Middle East

Israel’s top court says West Bank village can be demolished

 

JERUSALEM (AP) — Israel’s Supreme Court on Wednesday rejected an appeal against the demolition of a Bedouin village in the West Bank, ruling that its stay would expire in a week and the spartan encampment could then legally be torn down.

The fate of Khan al-Ahmar, east of Jerusalem, has drawn heavy international attention, with the United Nations and others expressing grave concern, and has become a rallying cry for the Palestinians, whose leaders have gathered there to protest its planned demolition.

Israel claims the village, an encampment of corrugated shacks outside the Kfar Adumim settlement, was illegally built and has offered to resettle residents 12 kilometers, about 7 miles, away. But critics say it’s impossible for Palestinians to get building permits and that the demolition is meant to make room for an Israeli settlement.

The three judges hearing the appeal said they were presented no evidence to warrant overturning the previous verdict and there was no question over the illegality of the construction on the site.

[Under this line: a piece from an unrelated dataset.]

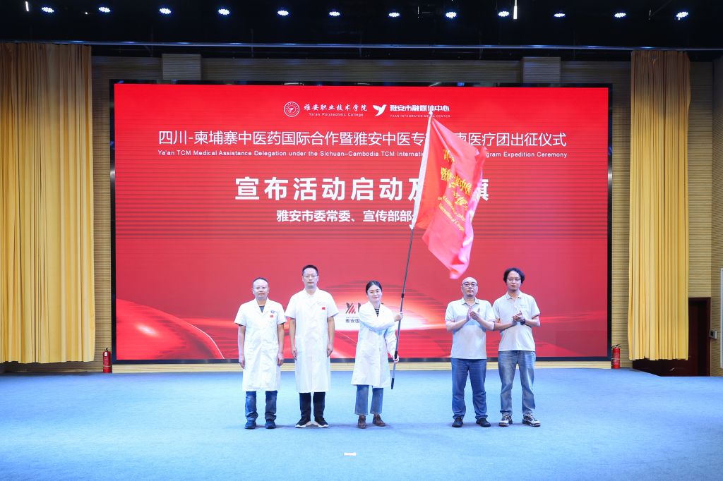 仪式在《四川—柬埔寨中医药国际合作项目》出征专题片的播放中拉开帷幕。在热烈的掌声中,聂颖宣布活动正式启动,并为出征医疗队授旗。
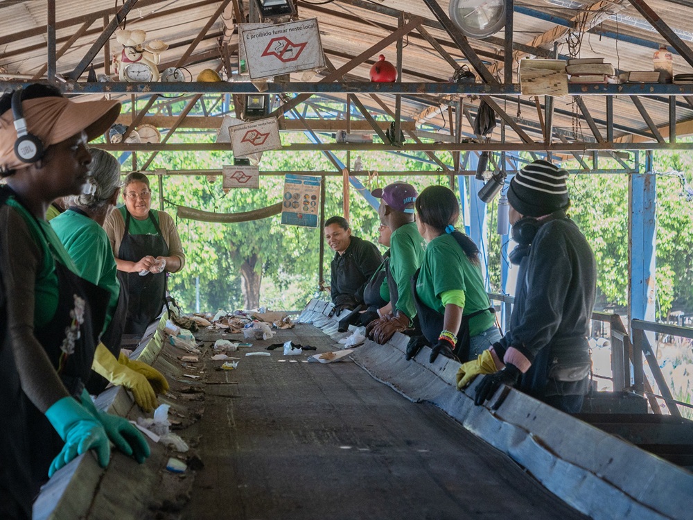 O processo na Cooperfran começa com a descarga dos recicláveis, seguida da triagem inicial feita pelos cooperados. Depois, uma segunda verificação garante que nenhum material não reciclável passe despercebido. Em seguida, o material é prensado e encaminhado para comercialização. “Hoje nós somos 55 famílias que dependem daquilo que a sociedade faz o descarte”, explica Diana.

Defense Minister Avigdor Lieberman lauded the judges for their “brave” ruling.

“No one is above the law. No one can stop us from implementing our sovereignty and responsibility as a state,” he said.

The village is in the 60 percent of the West Bank known as Area C, which remains under exclusive Israeli control and is home to dozens of Israeli settlements. Israel places severe restrictions on Palestinian development there and home demolitions are not unusual.

As part of interim peace deals in the 1990s, the West Bank was carved up into autonomous and semi-autonomous Palestinian areas, known as Areas A and B, and Area C, which is home to some 400,000 Israeli settlers.

The Palestinians say that Area C, home to an estimated 150,000 to 200,000 Palestinians, is crucial to the economic development of their future state.

Israel says the structures that make up the Khan al-Ahmar encampment, which include an Italian-funded school, pose a threat to residents because of their proximity to a highway. But critics have dismissed this claim as a ploy to remove the village’s 180 or so residents to clear the way for new Jewish settlements.

The UN High Commissioner for Human Rights’ office has called on Israel to abandon its plans and said the destruction of private property by an occupying power violates international law.

The West Bank’s Arab Bedouin are a small, impoverished minority among the broader Palestinian population. Like many other Bedouin encampments, residents of Khan al-Ahmar live in corrugated shacks or tents, often without electricity or running water, and raise livestock.

The Palestinian ministry of education recently decided to start the schoolyear early for 170 elementary students in Khan al-Ahmar and four nearby Bedouin communities to try and pre-empt any Israeli move.